Certiorari to the Court of Appeals was granted on the grounds,, among others, that the decision involved the interpretation of 1969 Perm. Supp., C.R.S. 1963, 81-14-19, relating to reopening of a Commission award; that involved is a question not heretofore determined by any previous decisions; and that the Court of Appeals did not decide the question of interpretation of the statute.

The claim for compensation initially arose when claimant Wayne, employed by the State Department of Agriculture, sustained an injury to his left eye by reason of an industrial accident. The eye was later enucleated. The Agricultural Department, through its insurer the State Compensation Insurance Fund, admitted liability for the injury. A hearing was held to determine the amount of the permanent partial disability resulting from the enucleation.
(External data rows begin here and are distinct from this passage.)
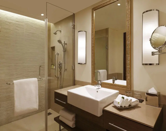 Номер уютно обставлен и оснащён необходимым, чтобы отдохнуть после долгого и насыщенного дня. Имеются душ, телевизор, мини-бар и тапочки. Оснащение зависит от выбранной категории номера.
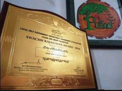 शहर के सार्वजनिक पार्को को स्वच्छ और हरा भरा बनाने हेतु कार्यरत युवा संगठन ‘पुकार’ के 21 वर्षीय संस्थापक भुवनेश ओझा को राजस्थान सरकार की ऒर से स्वच्छता क्षेत्र में उत्कृष्ट कार्य के लिए स्वच्छ राजस्थान-2016 के पुरस्कार से नवाज़ा गया है।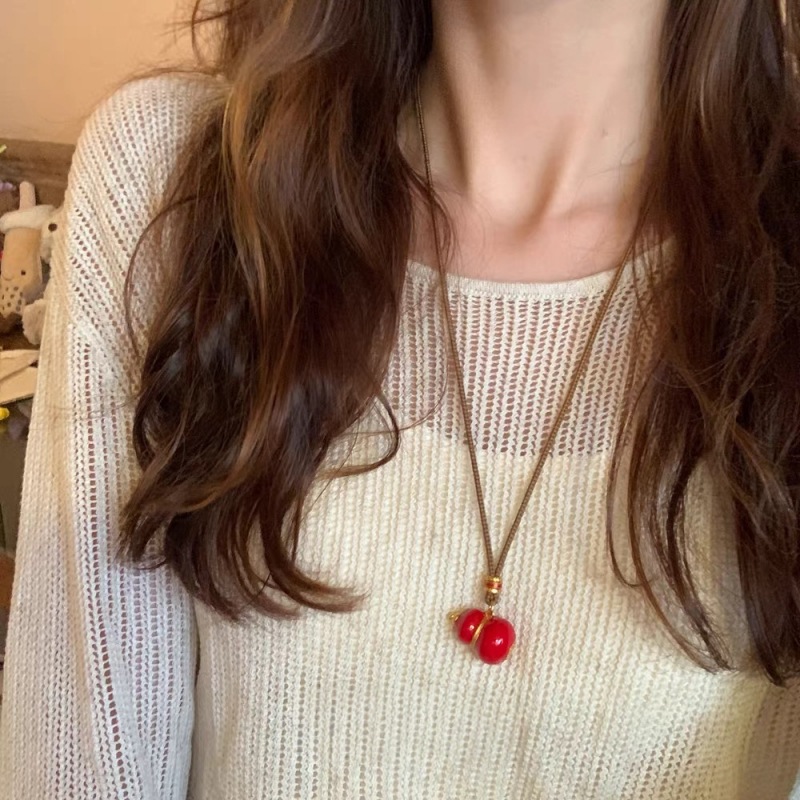 New Chinese-Style Gourd Pendant Necklace, Fashionable, Light Luxury, Niche, Simple Enamel, Casual Knotted Rope Long Sweater Chain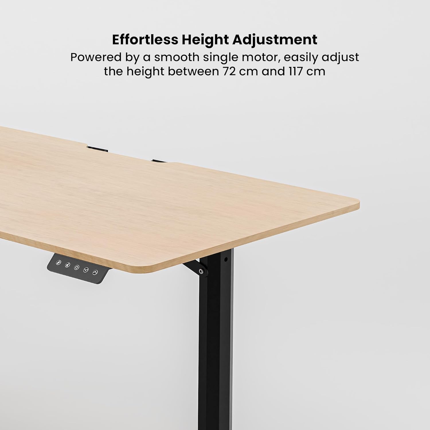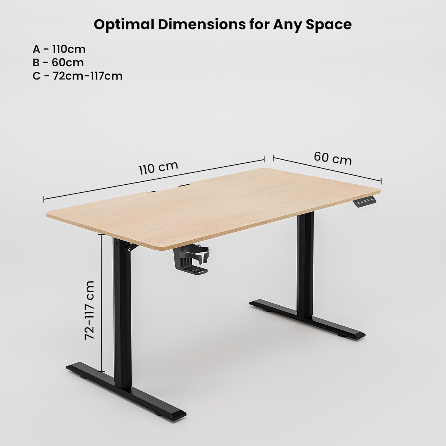 𝐇𝐄𝐈𝐆𝐇𝐓 𝐀𝐃𝐉𝐔𝐒𝐓𝐀𝐁𝐈𝐋𝐈𝐓𝐘 𝐏𝐀𝐈𝐑𝐄𝐃 𝐖𝐈𝐓𝐇 𝐀 𝐌𝐄𝐌𝐎𝐑𝐘 𝐏𝐑𝐄𝐒𝐄𝐓 𝐅𝐄𝐀𝐓𝐔𝐑𝐄 : This table is a perfect solution for those who need breaks from extended work or play. This electrical height adjustable desk can be preset to 2 height positions ( ranging between 72 cms & 117 cms). The memory preset option of this table helps you save your sitting & standing height that can be achieved with a press of a button, saving time & effort of manually adjusting it every time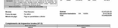 Una de las facturas más altas de este año es por 3.3 millones de pesos por obras de rehabilitación de un sistema de aguas residuales, así como otra por 3.4 millones de pesos por obras de repavimentación.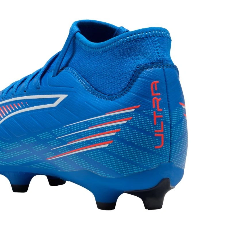 Buty piłkarskie Puma Ultra 6 Play+ FG/AG 108548 01 Podejmij piłkarskie wyzwanie, zakładając męskie korki Puma Ultra i wygraj kolejny mecz dzięki swojej szybkości. Rekreacyjne buty z premierowej kolekcji Untamed Pack. Syntetyczna cholewka z tłoczonymi elementami i elastycznym kołnierzem z dzianiny. Klasyczne sznurowanie. Standardowa konstrukcja języka. Podeszwa zewnętrzna Speedsystem łączy w sobie TPU oraz innowacyjny system kołków. Kołki FastTrax i bardziej zaokrąglone kołki po bokach przyczyniają się do bardzo dobrej przyczepności zarówno na naturalnej, jak i sztucznej trawie. Cholewka jest wykonana w co najmniej 30% z materiału pochodzącego z recyklingu.

There was evidence at the hearing that the claimant’s vision in the left eye was greatly and seriously impaired as the result of a childhood injury. Following the hearing, the referee entered an order awarding claimant Wayne permanent partial disability at the maximum rate as scheduled disability under C.R.S. 1963, 81-12-4(l)(gg). No appeal was taken from this order. Later when petition for a lump sum payment was granted by the Commission, the State Fund filed its request to the Director of the Division of Labor to reopen the case on the ground that there had been a mistake by the Commission in failing to apply the apportionment statute, C.R.S. 1963, 81-8-2.

The Director reopened the case, and upon review of the previous order found a pre-existing disability of 100 per cent loss of vision in the claimant’s left eye and held that the apportionment statute should be applied, thus reducing the previous compensation award. To the action of the Director, the claimant filed a petition for review before the Commission. The Commission then entered an order reversing the Director, finding that his order was not supported by the *261record and ordering reinstatement of the original award.

Prior to the 1969 amendment, Section 81-14-19 provided that the Industrial Commission could on its own motion on the ground of error, mistake, or change in condition reopen a compensation case. By the 1969 amendment, which restructured the Division of Labor and created the position of Director of the Division of Labor, the Director was substituted for the Commission as the one to make the initial determination whether a case should be reopened. Added to the section was a provision that any such order made by the Director shall be subject to review by the Commission.

Error in this court is predicated on the ground that the decision of the Court of Appeals overlooked the provisions of Section 81-14-19 as amended. It is. contended that the amended section grants to the Director, and not to the Commission, the discretion to grant or deny a reopening of a compensation claim, and that Commission action is limited to review of the Director’s order. Thus, it is argued by the Fund, that the order of the Director cannot be set aside by the Commission except on a finding of abuse of discretion or by reason of fraud. We are urged also to apply to the Commission’s review procedure the rule that if the record supports the Director’s decision the Commission, as a reviewing body, is bound thereby and cannot substitute its judgment for that of the Director. As previously stated, the Court of Appeals made no determination of this question, and merely held that the Commission had discretion to refuse to reopen the case and that such refusal did not amount to an abuse of discretion, citing Industrial Commission v. Cutshall, 164 Colo. 240, 433 P.2d 765.

We do not agree with the contention of the Fund presented to us on this appeal. Although the amendment to Section 81-14-19 does give to the Director, in the first instance, the discretion to grant or deny a petition to reopen the case, none of the powers previously vested in the Commission were taken away by the amendment. The section referred to grants to the Commission the right to review, and we must of necessity turn to Section 81-14-6 to *262determine the nature and extent of the Commission’s powers in granting review. In that section we find the Commission

“* * * shall review the entire record transmitted by the director in said case, and, in its discretion, may hold further hearings and receive further evidence, and shall make its findings of fact and enter its award thereon. The award of the commission shall be final unless a petition to review same shall be filed in court by a party in interest.”

By the section, the Commission is not limited merely to review of the Director’s order, but may on the record make findings of its own and enter an award thereon.

The determination by the Court of Appeals that this action of the Commission was within its discretion and that there was no showing of abuse thereof is affirmed.

The cause is remanded to the Court of Appeals for the remand to the Industrial Commission for payment of the lump sum as previously determined.

MR. JUSTICE ERICKSON not participating.